The first example that I became aware of is a paper entitled “The case of Bangladesh government banning Japanese manga cartoon show Doraemon: The antecedents of consumers’ avoidance”, published in a “Global Journal of Management and Business Research: E – Marketing” and appearing online on two different websites – JournalOfBusiness.org and GlobalJournals.org (I have not been able to locate a direct link to the article anywhere on the site, but the full issue that it appears in can be accessed as a PDF). Browsing through either site reveals two things:
- At least this particular publisher does not charge any kind of processing or publication fees. However, the publisher is quite aggressive with offering meaningless titles (“Fellow of Association of Research Society in Business Administration”) for sale – first come, first served, at only $1,000 for three years and $600 for renewals.
- On the other hand, the website itself does an excellent job of meeting the criteria that Beall uses “for determining predatory open access publishers”, especially in regard to confusing design, lack of transparency, and overall poor maintenance (“dead links, prominent misspellings and grammatical errors on the website”).
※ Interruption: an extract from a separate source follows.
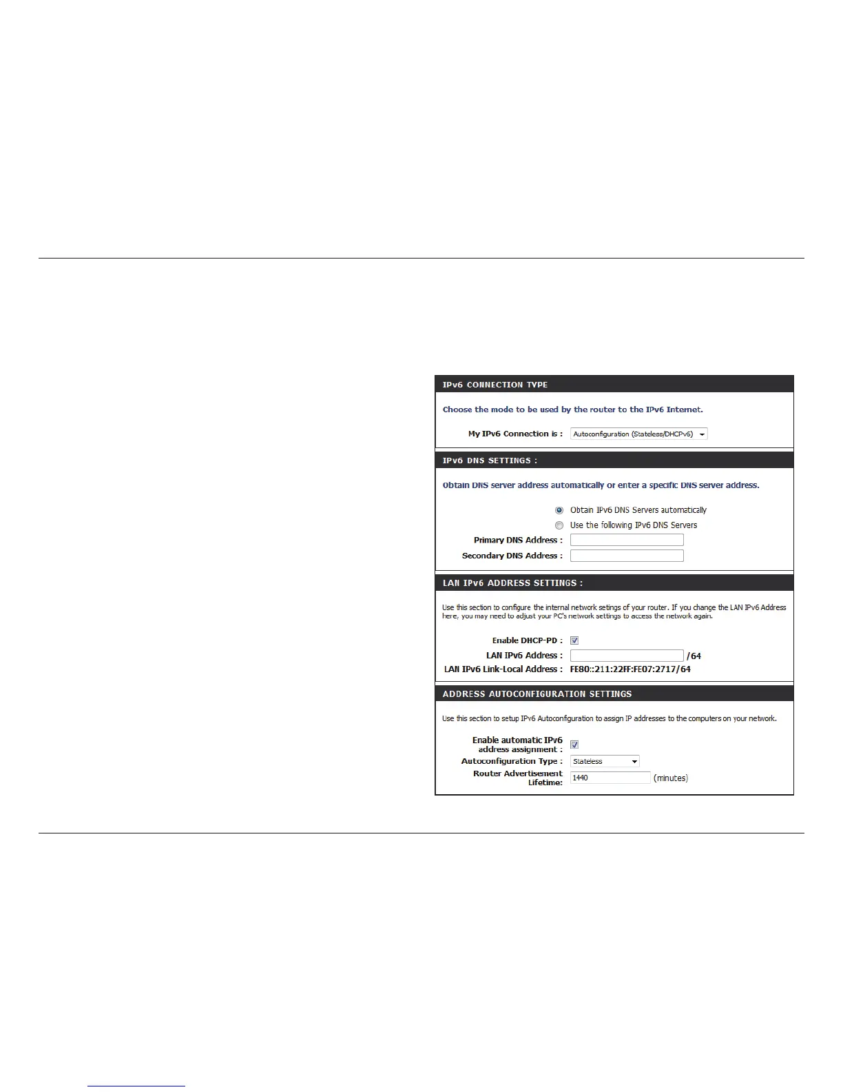Use this section to congure the IPv6 autoconguration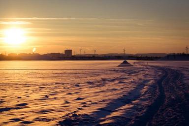 Keywords: evening winter sunset purple sky white cold december january seasonal scene outdoor snow

The second example is straight-forward: “Tracing the Japanese gothic in Madoka Magica with Blood: The estrangement, abjection, and sublime erasure of the spectralized maho shojo exemplum”, published in the November 2014 issue of the Asian Journal of Social Sciences and Humanities.
“Guidelines for Authors:
The publication fee is USD100 for article with maximum 4000 words. Fee for each additional word is 0.04USD. Publication fee excludes taxes and other potential fees such as transfer charges.”
Well, at least they are being honest…
What does an author gain from working with a predatory open-access publisher? Well, as an answer to a pure yes-or-no question, yes, they can honestly say that their work has been published.
…what does an author lose?
At the very least, the purpose of the entire mechanism of publishing is not merely to disseminate research, but to disseminate GOOD research – to evaluate, then adjust and correct, then finally publish. Publication is supposed to be an endorsement and a stamp of approval; publication through a predatory open-access publisher by definition cannot be that.
Even if a paper that a particular author submits to a publisher that is known to be predatory is actually perfectly acceptable, especially now that more and more readers are becoming aware of the issue of predatory open-access publishing, the paper may be judged based on where it is published – in the same way that a paper that appears in an established and well-regarded journal is considered right away based on the reputation of that journal.
And, of course, there is the pure cost factor. It’s not like there aren’t plenty of journals out there already that are willing to consider a new paper on Japanese animation or Japanese comics. Yes, a paper that it submitted to one of these journals will most likely not be accepted right away, it will have to undergo revision, it will be edited, the whole process will inevitably take time and require additional effort on the part of the author. But at the end, what the author will get will be the satisfaction of sharing their work and knowledge with the “world” or at least with other scholars, in a format and through a source that they can rightly feel comfortable with.
Ultimately, if you, the author, have no problem with paying several hundred dollars (or more) to have your paper appear in a “journal”, hey, who am I to stop you.
But, come on, I’m sure you can think of much better ways of spending those several hundred dollars!